The first batch of pancakes she makes however, go in the bin.
"Not quite right, darlin'," she says in the kitchen of her fabulous West End home. "Just a wee bit over-cooked."
The entertainer's attention to detail, and determination to please is not, however, limited to her leek soup and pancakes.
The lady hasn't survived in 'the business' for 60 years simply because she turns out decent fare. No, she works hard at her content and her performance.
And today highlights that. As soon as the lunch is over it's down to the detail of her upcoming Tron Theatre show.
Dorothy is set to feature in her first ever Audience With . . . type evening, with yours truly asking the questions. And Dorothy wants to get every aspect of her life just right.
"I'm really looking forward to the evening," she says. "I'm glad you're going to be asking the questions. But we've got to get the balance right.
"We want to tell the stories about my life, but at the same time we've got to try and be awfy funny, darlin'.
"I don't want people coming out and not having had a right good laugh."
And get a few surprises along the way? Is she up for a few tricky questions being thrown her way?
"Oh yes I am," she says, grinning. "And that's what you journalists do."
Regardless of how 'tricky' the questions are, fans are in for a treat.
The special charity evening will begin with Dorothy performing her classic cleaner sketch.

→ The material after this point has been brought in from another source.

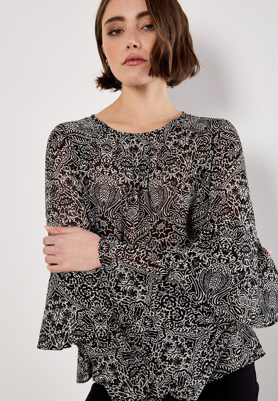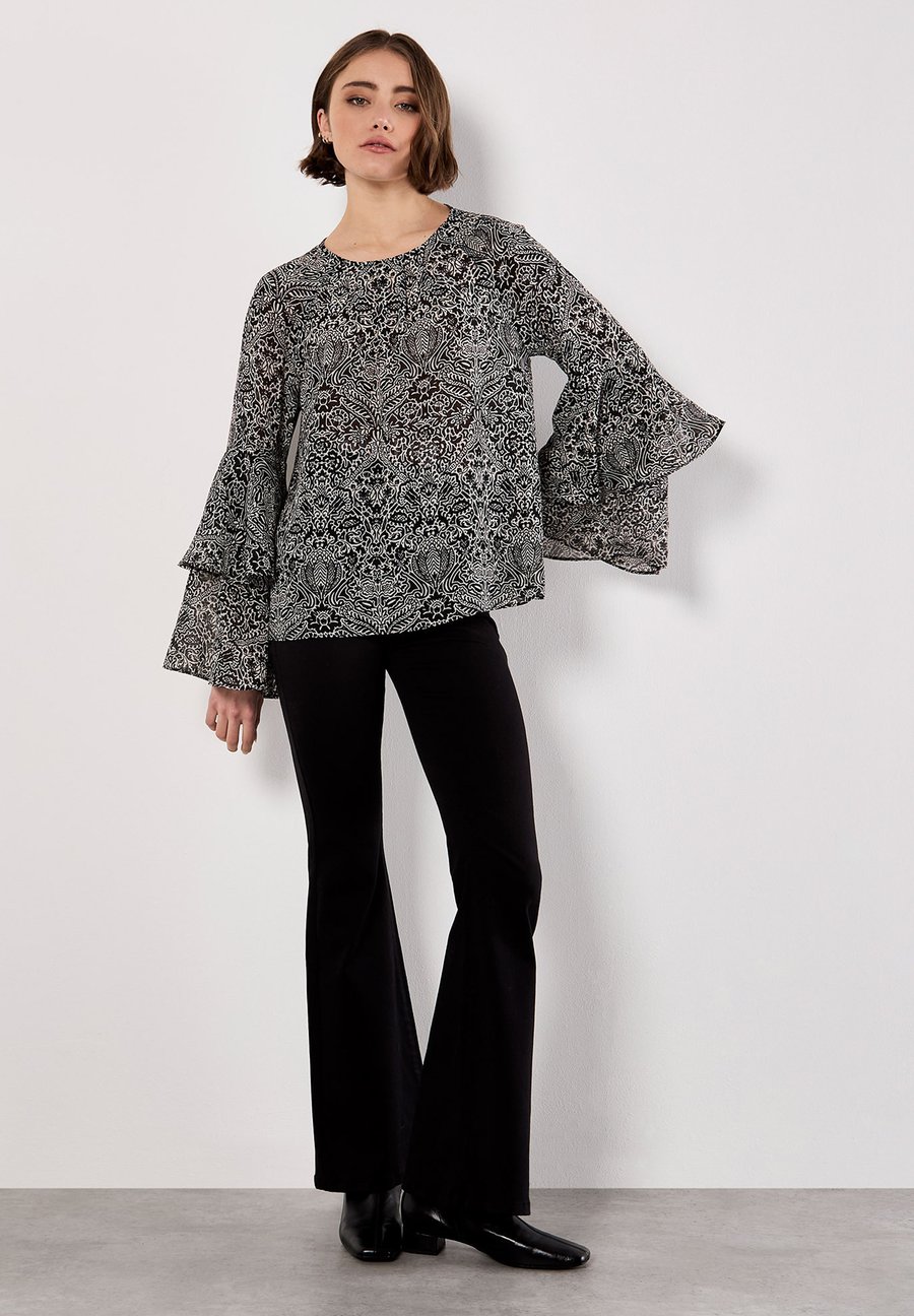 Откройте для себя стиль бохо-шик с этой блузкой с узором пейсли. Легкая и тканая, эта модель имеет облегающий силуэт, круглый вырез горловины и широкие рукава с оборками. Вырез горловины: Круглый вырезМатериал и уход

And the show will feature her singing daughter Lisa and friends Margaret Woods and Lawrie Baxter.
However, Dorothy is a classic storyteller. And fans will wallow in the tales she has to tell.
"I'll be talking about my mother of course," she says smiling. "She was just so incredibly funny. And I'll be talking about schooldays growing up in Dennistoun."
She'll reference other famous entertainers to come out of Dennistoun such as Rikki Fulton, Lulu and Bill Paterson.
She will talk about her early days as a schoolgirl soprano, her teenage days spent cycling and meeting boys. And of course the dancin'.
"We were all looking for the man of our dreams," she says, smiling.
"And the young men we met were just that. For about a fortnight."
Dorothy will talk about her first job in C&A department store, working with a young Vera Weisfeld, and the move into showbiz, touring the country's small theatres and entering a world she couldn't have imagined.
"Working summer seasons in the likes of Rothesay was an absolute eye-opener," she says, grinning. "I'll have to talk about that."
Dorothy moved onto television and stardom in 1959 with the One O'Clock Gang, and found fame in sketch comedy.
But it was a gruelling experience, coming up with new comedy routines every day.
"There were some days I just didn't want to go on," she recalls. "The pressure just got too much."
However, Ms Paul grew to become one of the biggest names in entertainment in the country. But then came the difficult years.
She moved to Ireland with her husband, but when he died she had to bring up her two daughters.
Dorothy's life became a battle to survive. And one of the toughest battle grounds was the working men's clubs, during the Sixties and Seventies.
When club work was all to hard to find, Dorothy took in lodgers and sold insurance. She became a seamstress. She read the news on STV.
Now, Dorothy is at the age (74) where she can reflect on life, the hardest of times, but also the best of times.
"Comedy comes out of tragedy," she says. "And where you have drama you have the opportunity for a funny story. My life's certainly had enough drama in it."
The show will guarantee many funny moments. And even when Dorothy, who's working on the next volume of her life story, talks about her battle with the bottle, she'll reach for humour.
When she reveals how tough it has been for a woman to survive in the entertainment industry for 60 years, she'll do it with a wry smile on her face.
She'll talk about those in showbiz who've been fantastic to her her over the years.
BUT she'll also talk about the many times when she's been so wracked with nerves she contemplated going back to her old job at the Kraft Cheese Company.
"I will be a wee bit nervous on the night, because it will involve me baring my soul a bit," she says.
"But you'll be there to keep me right," she adds, grinning.
"We're going to have a lot of fun with this show, aren't we, darlin'?
"Now, do you think I should tell them the story about the Kirkcaldy Miner's Club. Or do you think it's too rude...?"
l An Evening With Dorothy Paul, Tron Theatre, October 21, 7.30pm.£15/£12.